/******************************************************************************
* File: ShuntingYard.hh
* Author: Keith Schwarz (htiek@cs.stanford.edu)
*
* An implementation of Dijkstra's shunting-yard algorithm for parsing infix
* expressions. The shunting-yard algorithm takes as input an expression in
* infix form (where each operator has a precedence), parses the expression,
* then outputs it in reverse-Polish notation. Since RPN has no operator
* precedence (and hence no ambiguity), the resulting expression can easily be
* evaluated.
*
* The shunting-yard algorithm is a stack-based algorithm that makes use of
* an intermediary operator stack to shuffle around the tokens in the input
* sequence into the correct order. The basic intuition behind the algorithm
* is to continuously shift operands out of the infix expression to the output
* RPN expression, temporarily holding back the operators. An operator is
* shifted into the resulting expression only when the operator that would
* follow it has a lower priority (or when the input is consumed).
*
* As an example, we can trace the execution of the algorithm on the input
* 3 + 4 * 1 + (2 - 3). We begin in this state:
*
* Result:
* Operators:
* Input: 3 + 4 * 1 + (2 - 3)
*
* We begin by shifting the 3 to the result stack, since it's an operand:
*
* Result: 3
* Operators:
* Input: + 4 * 1 + (2 - 3)
*
* Next, we shift the + onto the operator stack:
*
* Result: 3
* Operators: +
* Input: 4 * 1 + (2 - 3)
*
* Next, we shift the four onto the result stack:
*
* Result: 3 4
* Operators: +
* Input: * 1 + (2 - 3)
*
* Now, we come to the next operator, *. Since * has higher precedence than +,
* it will bind to the 4 and the upcoming 1, and so we don't want to do the
* addition of the 3 and 4 yet. Consequently, we shift the * onto the operator
* stack:
*
* Result: 3 4
* Operators: + *
* Input: 1 + (2 - 3)
*
* We then shift the next operand:
*
* Result: 3 4 1
* Operators: + *
* Input: + (2 - 3)
*
* The next operator we hit is this +. This has lower precedence than the *
* operator atop the stack, and so we continuously pop operators off the stack
* until we find an operator with strictly lower precedence than this +. This
* means we pop both the * and the + off the operator stack, as shown here:
*
* Result: 3 4 1 * +
* Operators:
* Input: + (2 - 3)
*
* Now that the stack is empty, the + has higher priority than all other
* operators, and so we can shift it:
*
* Result: 3 4 1 * +
* Operators: +
* Input: (2 - 3)
*
* When we encounter parentheses, the logic becomes a bit trickier. We shift
* on the opening parenthesis as a marker that all precedence rules from before
* this point no longer apply to the upcoming tokens:
*
* Result: 3 4 1 * +
* Operators: + (
* Input: 2 - 3)
*
* We now continue shifting numbers and operators as before, until we arrive at
* this point:
*
* Result: 3 4 1 * + 2 3
* Operators: + ( -
* Input: )
*
* Now that we have found a matching parenthesis, we pop operators off the
* stack until we match the original parenthesis, which we similarly remove:
*
* Result: 3 4 1 * + 2 3 -
* Operators: +
* Input:
*
* And finally, now that we've run out of input, we pop all the remaining
* operators off the stack and shift them into the output sequence:
*
* Result: 3 4 1 * + 2 3 - +
* Operators:
* Input:
*
* This results in a correct RPN expression for the original infix expression.
*
* More generally, the algorithm is as follows:
*
* Begin with an empty operator stack and output sequence.
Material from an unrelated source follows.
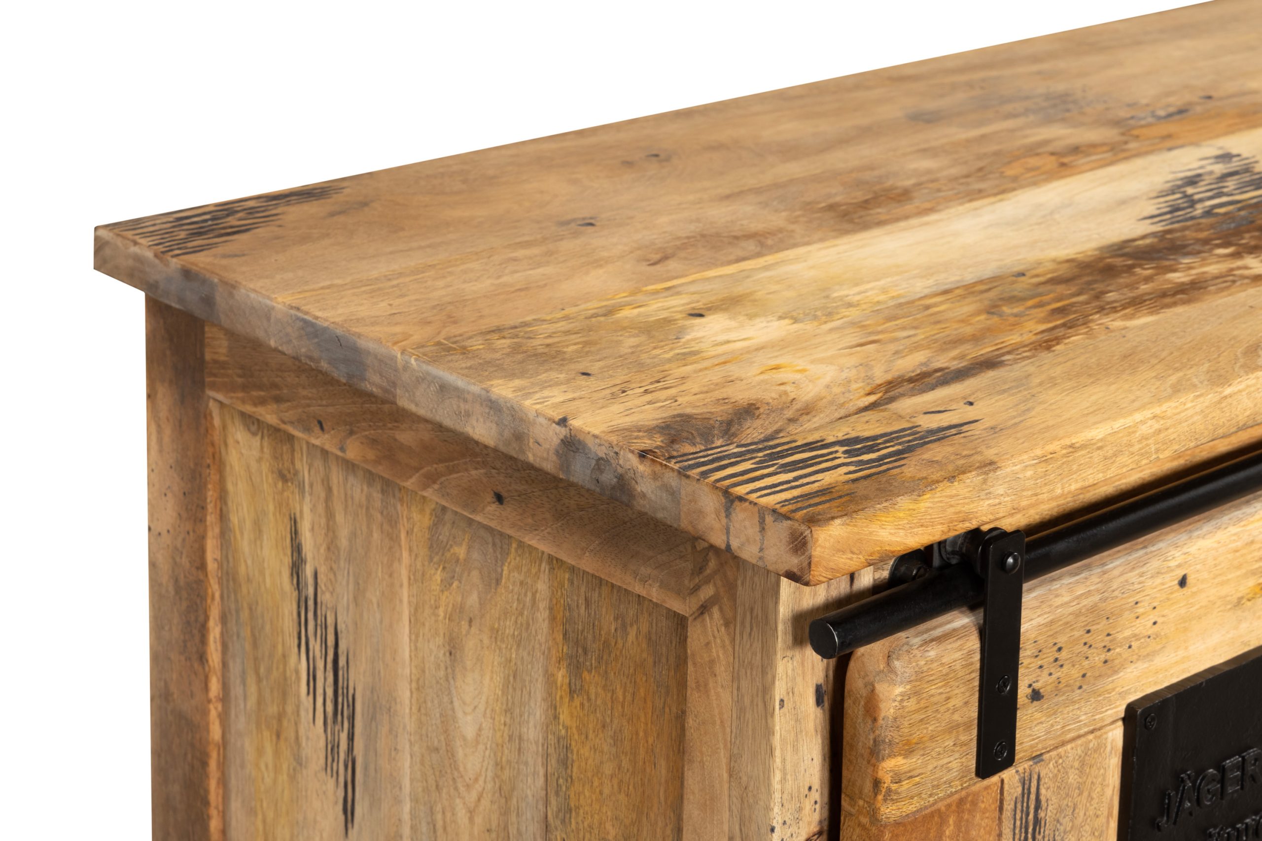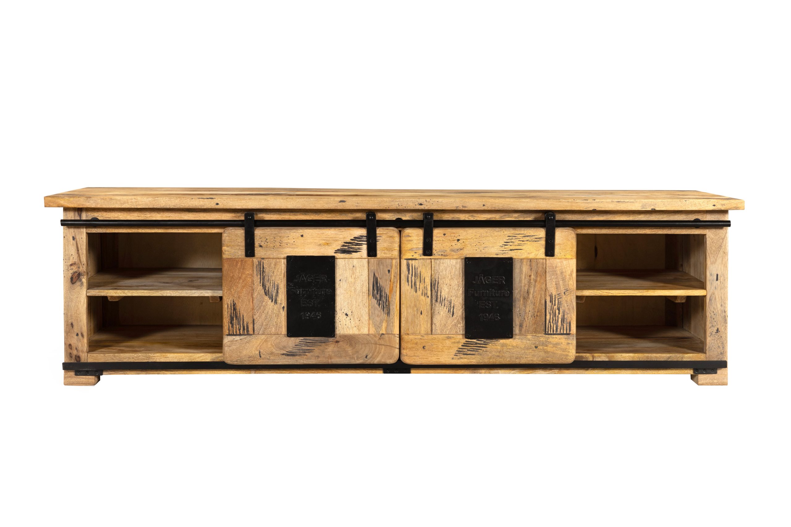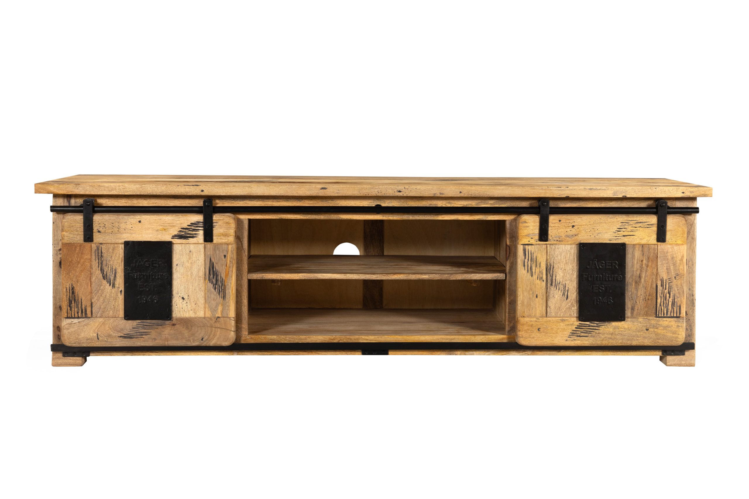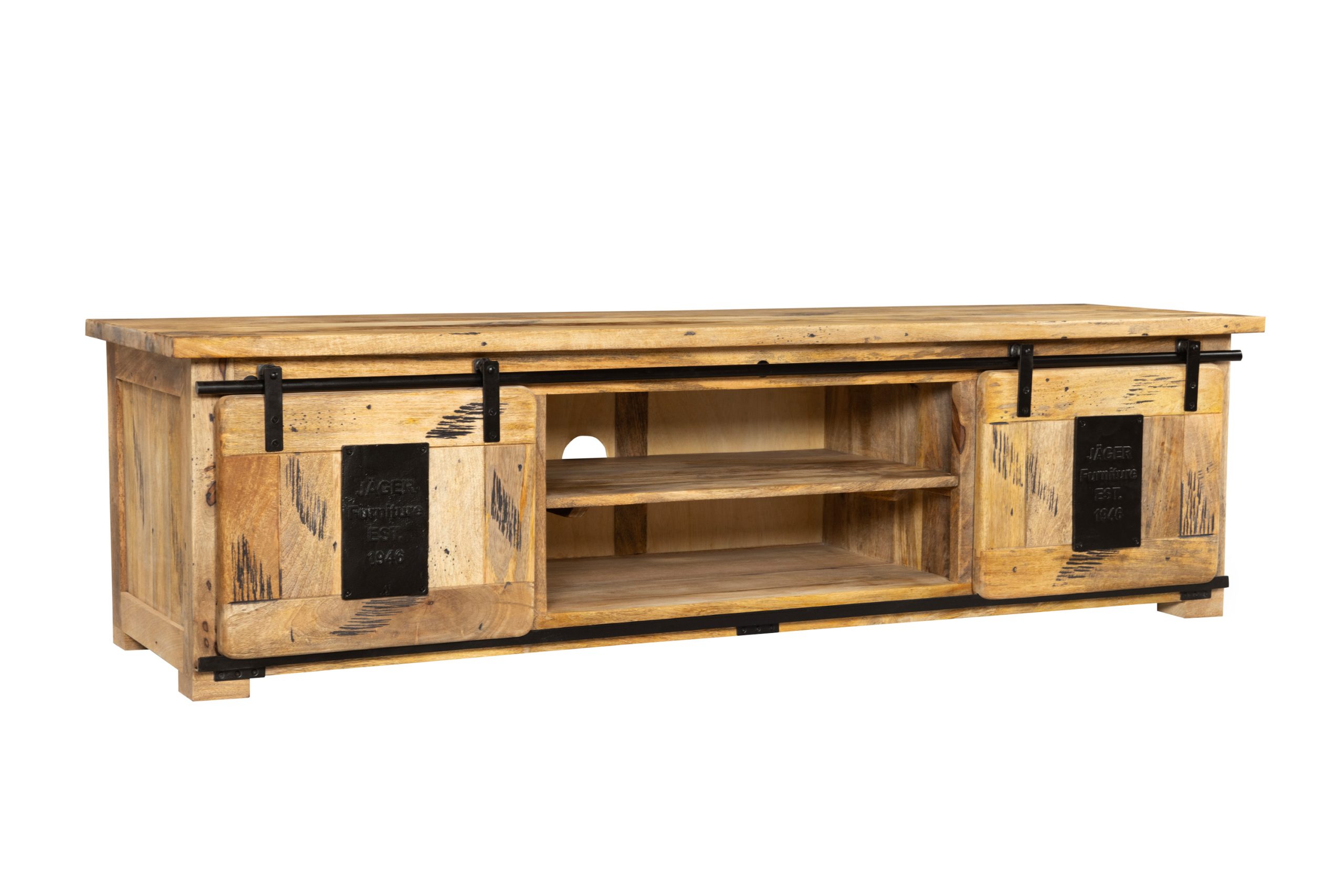 Die Kombination aus zwei großen Schiebetüren mit dekorativen Gusseisen-Elementen und drei offenen Fächern schafft ein durchdachtes Stauraumkonzept – perfekt für alle gängigen TV-Geräte, Medienzubehör und Alltagsgegenstände. Das dunkle Eisen an Türen und Reling unterstreicht den rauen Charme des Holzes und verleiht dem Möbelstück seinen markanten Industrial Style.

* While more tokens remain in the input sequence:
* If the token is a number, shift it to the result.
* If the token is an operator:
* While the topmost element of the operator stack does not have lower
* priority, pop that operator off the stack and shift it onto the end
* of the output sequence.
* Push the operator on top of the operator stack.
* If the token is an open parenthesis, shift it atop the operator stack.
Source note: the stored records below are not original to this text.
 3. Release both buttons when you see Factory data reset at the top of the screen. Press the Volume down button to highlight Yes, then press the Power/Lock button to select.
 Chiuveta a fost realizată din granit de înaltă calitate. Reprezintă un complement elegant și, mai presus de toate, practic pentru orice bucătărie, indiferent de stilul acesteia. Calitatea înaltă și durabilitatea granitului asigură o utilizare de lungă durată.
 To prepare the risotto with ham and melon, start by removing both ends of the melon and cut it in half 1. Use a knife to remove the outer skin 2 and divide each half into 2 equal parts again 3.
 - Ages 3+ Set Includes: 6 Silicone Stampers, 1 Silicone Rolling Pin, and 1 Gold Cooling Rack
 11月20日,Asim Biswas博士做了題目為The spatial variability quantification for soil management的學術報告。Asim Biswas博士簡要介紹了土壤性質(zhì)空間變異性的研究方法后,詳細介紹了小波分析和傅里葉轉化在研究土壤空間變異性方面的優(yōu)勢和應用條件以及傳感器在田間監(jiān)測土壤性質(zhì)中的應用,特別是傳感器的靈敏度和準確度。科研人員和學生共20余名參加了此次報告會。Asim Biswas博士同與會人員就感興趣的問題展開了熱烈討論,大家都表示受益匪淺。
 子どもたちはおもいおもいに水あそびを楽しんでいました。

* If the token is a close parenthesis, pop all operators off the operator
* stack and shift them onto the end of the output sequence until an open
* parenthesis is found.
* Finally, pop all the remaining operators off the stack and shift them onto
* the output sequence.
*/
#ifndef ShuntingYard_Included
#define ShuntingYard_Included
#include <string>
#include <vector>
/**
* Function: std::vector<std::string> InfixLex(const std::string& expr);
* Usage: std::vector<std::string> tokens = InfixLex("1 + 3");
* ----------------------------------------------------------------------------
* Given a string representation of an indix expression, returns a vector of
* strings containing a parsed representation of that expression. The
* validty of this expression is not validated; after all, this is a lexing
* step, rather than a parsing step. If the input cannot be lexed, a
* runtime_error exception is thrown.
*/
std::vector<std::string> InfixLex(const std::string& expr);
/**
* Function: ShuntingYardToRPN(const std::vector<std::string>& expr);
* Usage: RPNEvaluate(ShuntingYardToRPN(InfixLex("1 + 2 - 3 * 4")));
* ----------------------------------------------------------------------------
* Given a sequence of tokens corresponding to an infix expression, applies the
* shunting-yard algorithm to convert it to an RPN expression. If the input is
* malformed, throws a runtime_error exception.
*/
std::vector<std::string> ShuntingYardToRPN(const std::vector<std::string>& expr);
#endif